Founded in 2017 by industry veterans Dave Bialek and Amish Shah, ReKTGlobal has focused on helping endemic and non-endemic brands authentically activate within the gaming and esports industries. With its proven and experienced leadership team, ReKTGlobal is uniquely positioned to help brands engage the esports and creator markets through services including content creation, paid media, marketing, influencer activation, fan relationship building and monetization, and more. This acquisition aims to consolidate ReKT's entertainment and esports business into Infinite Reality's already impressive offering of creative tools covering social, gaming, virtual and remote production, NFT minting, content, and Metaverse creation.
As part of the deal, Infinite Reality will integrate ReKT's four key business divisions, which include esports franchises, marketing and partnership services, talent management, and technology products. Infinite Reality's comprehensive vision is bolstered by ReKt's previous acquisitions of content creation and marketing company Greenlit Content; renowned digital media agency Fearless Media; fan engagement and monetization platform FullCube, and digital talent management company TalentX Entertainment. Additionally, ReKTGlobal stands at the forefront of competitive global esports, thanks to its ownership of League of Legends LEC champions Team Rogue and Call of Duty League's London Royal Ravens. ReKTGlobal currently has offices in New York, Los Angeles, Las Vegas, Charlotte, London, and Berlin. Investors in ReKTGlobal include the band Imagine Dragons, Nick Gross, son of billionaire investor Bill Gross, DJ Steve Aoki, and Summit Partners, to name a few.

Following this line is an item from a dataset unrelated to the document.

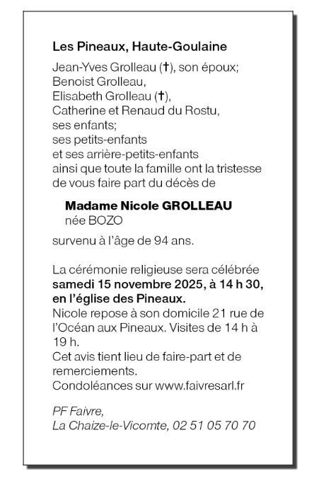 Madame Nicole GROLLEAU née BOZO
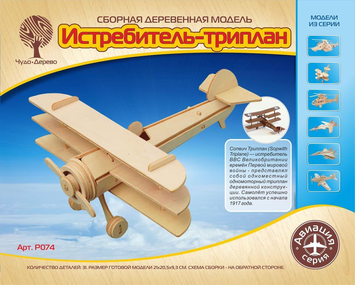 Сборная модель самолёта «Триплан» для развития моторики, 31 деталь, дерево, 21х20,5х9,3см

"This acquisition is another step in our journey towards becoming the leading Metaverse Entertainment company in the world," said Infinite Reality CEO John Acunto. "The synergies across our combined business units from content creation to Web3 entertainment to APIs and more are awe inspiring. We look forward to working with ReKTGlobal's senior leadership to integrate our valuable combined assets and accelerate Infinite Reality's growth."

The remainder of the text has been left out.